As an early user of KNL, I don't get the "GPU" bit. KNL runs normal x86_64 code and doesn't look that much different to the AMD Interlagos systems I once used apart from the memory architecture.

leeter · on June 22, 2020

It comes from the fact that KNL came from Larrabee which was actually developed as a GPU initially (and even ran games... sort of) but was never actually released. The next revision of that was the Xeon Phi chips you used. So the connection is "Lots of small cores with lots of high bandwidth ram" although these cores are definitely superscalar where Larrabee and derivatives were not really.
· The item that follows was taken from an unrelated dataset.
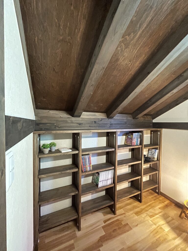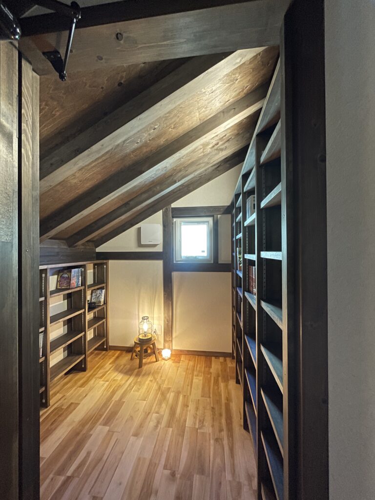 2階の小屋裏スペースに、壁一面に書棚を設けた書斎をつくりました。

https://en.wikipedia.org/wiki/Xeon_Phi https://en.wikipedia.org/wiki/Larrabee_(microarchitecture)

gnufx · on June 22, 2020

Sure, but people don't normally think of "GPU" in this context as just runs all your x86_64 code.
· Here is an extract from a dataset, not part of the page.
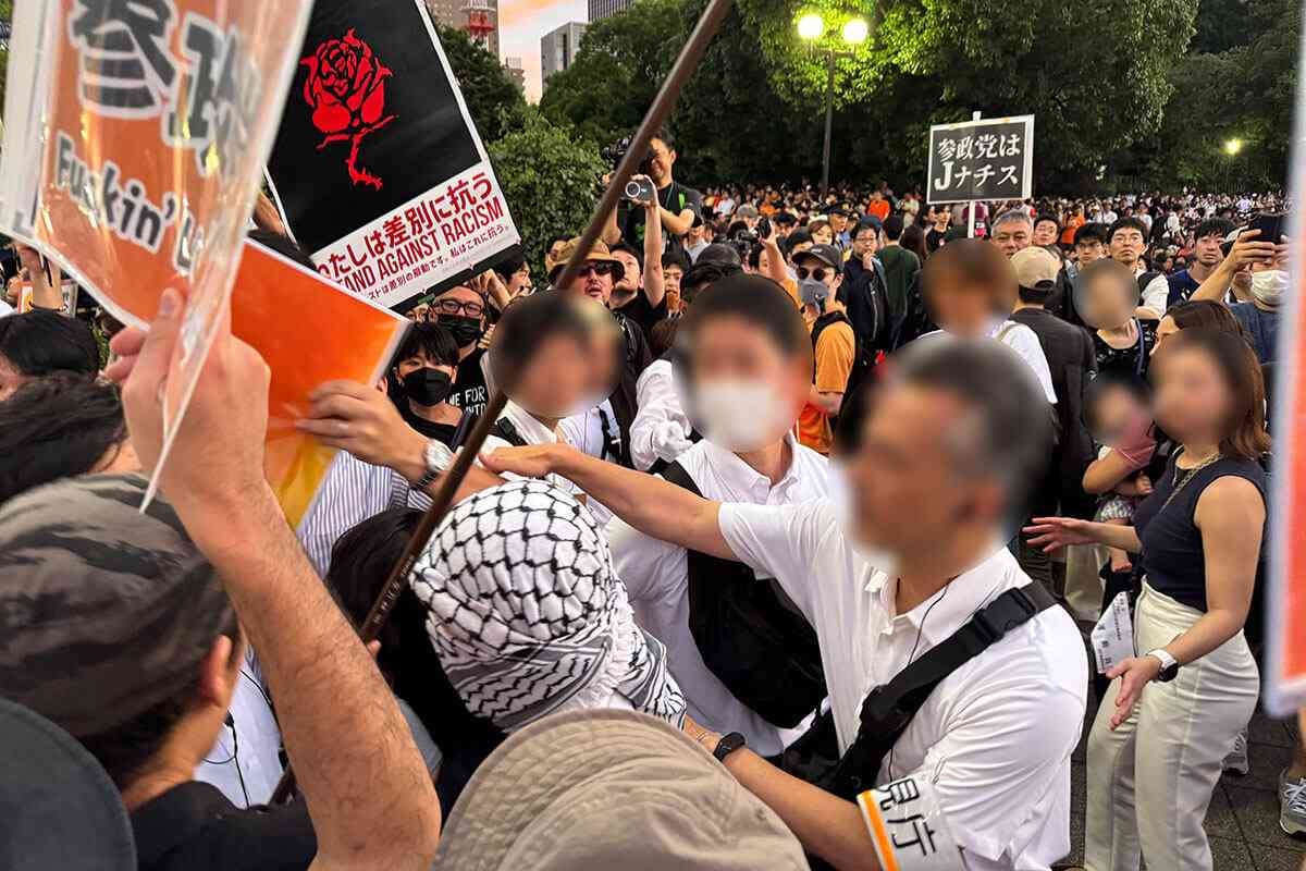 「オメー、警官なら手帳見せろよ、コスプレか?」2万人集結の参政党マイク納めは“アンチ”の乱入で大混乱 警察官の制止を聞かずあわや暴動に

ViralBShah · on June 22, 2020

That's pretty cool! That probably means that applications will have an easier time. Looks like it has 512-bit SIMD.

I wonder what BLAS they are using, and if the contributions are open sourced.

gnufx · on June 22, 2020

(SVE isn't 512-bit SIMD like AVX512.) I don't know what BLAS they're using, though I know they've long worked on their own, but BLIS has gained SVE support recently, for what it's worth.

floatboth · on June 22, 2020

SVE is whatever width the chip designer wants, Fujitsu's implementation is 512-bit according to AnandTech

gnufx · on June 22, 2020

I know, but it's different apart from coming in different hardware widths, as ARM techies will gush.

jabl · on June 23, 2020

Yes, SVE, like the RISC-V vector extension, is a "real" vector ISA, with things like vector length register (no need for a scalar loop epilog), scatter/gather memory ops for sparse matrix work, mask registers for if-conversion, looser alignment requirements (no/less need for loop prologues).

That being said, apart from becoming wider, AVX-NNN has also gotten more "real" vector features with every generation. The difference might not be as huge anymore.

d_tr · on June 22, 2020

I am really happy to have come across this post, mainly due to this fact.